This is Us

I love to hear  how people met, what circumstances brought two strangers together to form a couple.  Those stories are endearing, and every couple has one, yet they’re often not dramatic or ironic, so they go untold.  I think our story is like that in some ways.  Certainly, I have much more dramatic stories that I tell, often to shock and awe.  But the story of Us, is precious and important, and today it celebrates a big birthday.

Jim and I met at McDonald’s – two teenagers beginning a summer of closing down the store, night after night.  We didn’t become a couple until fifteen months after we met. We simply got to know each other.

We started dating on Sept. 28, 1992.  On this day, Oct. 14, 1992, twenty years ago, I went with him to his  parents’ house after work and never went home.  The next day, Oct. 15, we waited until his mom had left the house, and then we found an apartment.  We moved out.  It was bang – wizz fast, but we never looked back.

At eighteen, my worldly possession didn’t even fill the back of Jim’s dad’s pickup.  We loaded them up, brought them to a dumpy little apartment with dated appliances and a pitted vinyl floor.  Suddenly, we were grown ups.  But we weren’t. We stayed up way too late, ate junk food like we were teenagers, because we were teenagers, and we had so much fun.  We had no money but an abundance of time, and we spent our time like the young kids we were.

Six months later we were engaged.  Almost two years after becoming a couple, we got married.  Those years from 1991 to the middle of 1995 were so easy.  I did have a horrible burn at work that was unpleasant, but the rest of it was just a calm spring, the beginning of everything.  Then my dad found out about his cancer.  Then he died.  Then, Mary, my best friend, died.  Then my Grandma died, then September 11th happened,  then infertility dragged on, then the elation of pregnancy was popped by the most horrible diagnosis of our baby.  Then, well that’s all in the book. . . but things are so much better now.

It seems like a very long stretch of our relationship was “in bad times,” but we bought our first house, finished school, traveled the world (though not together).  In spite of all of that we suffered, we still laughed, and loved, and lived a life, a real life, not a sorrow soaked existence, but a life of survival and celebration of the love that got us through.  So, here we are twenty years older and wiser, truly grown up.

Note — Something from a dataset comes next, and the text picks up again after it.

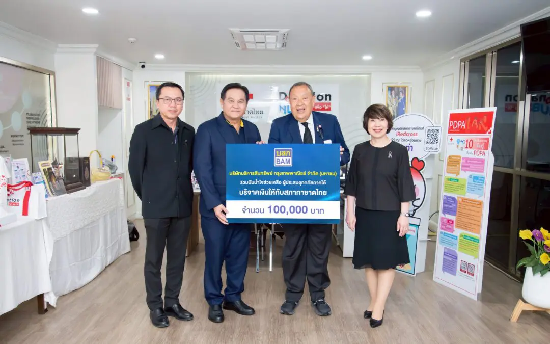 คุณสมพร มูลศรีแก้ว ผู้จัดการใหญ่ สายธุรกิจ คุณวุฒิพงศ์ บุญยะสิทธิ์ ผู้ช่วยประธานเจ้าหน้าที่บริหาร สายพัฒนาสินทรัพย์ภูมิภาค 2 บริษัทบริหารสินทรัพย์ กรุงเทพพาณิชย์ จำกัด (มหาชน) หรือ BAM มอบเงินสมทบโครงการปันน้ำใจช่วยเหลือผู้ประสบอุทกภัยในพื้นที่ภาคใต้ ให้กับสภากาชาดไทย จำนวน 100,000 บาท โดยมีคุณขรรค์ ประจวบเหมาะ ผู้อำนวยการสำนักงานจัดหารายได้ และคุณจันทร์ประภา วิชิตชลชัย รองผู้อำนวยการสำนักงานจัดหารายได้ เป็นผู้แทนรับมอบ ณ สำนักงานจัดหารายได้ สภากาชาดไทย … BAM ขอเป็นกำลังใจให้ทุกคนก้าวผ่านช่วงวิกฤตนี้ไปด้วยกันและพร้อมเคียงข้างสังคมไทยในทุกช่วงเวลา

I have been accused of being “deep” on more than one occasion, once from a doe eyed woman whose nickname was Bambi. The irony was magical.  I confess, I am deep like the Marianna Trench, and it can make the superficial and shallow almost unbearable.  Jim has depth, but he has so much light, and he laughs and jokes.  He is the effervescence, the bubbles of air and light that make their way to my depths and restore my humanity.  He loves that I’m deep, but he keeps me from being dark.  An I’m an anchor, that helps him find a center.  We serve each other well, we are a good match.  And we have twenty years of evidence to that fact.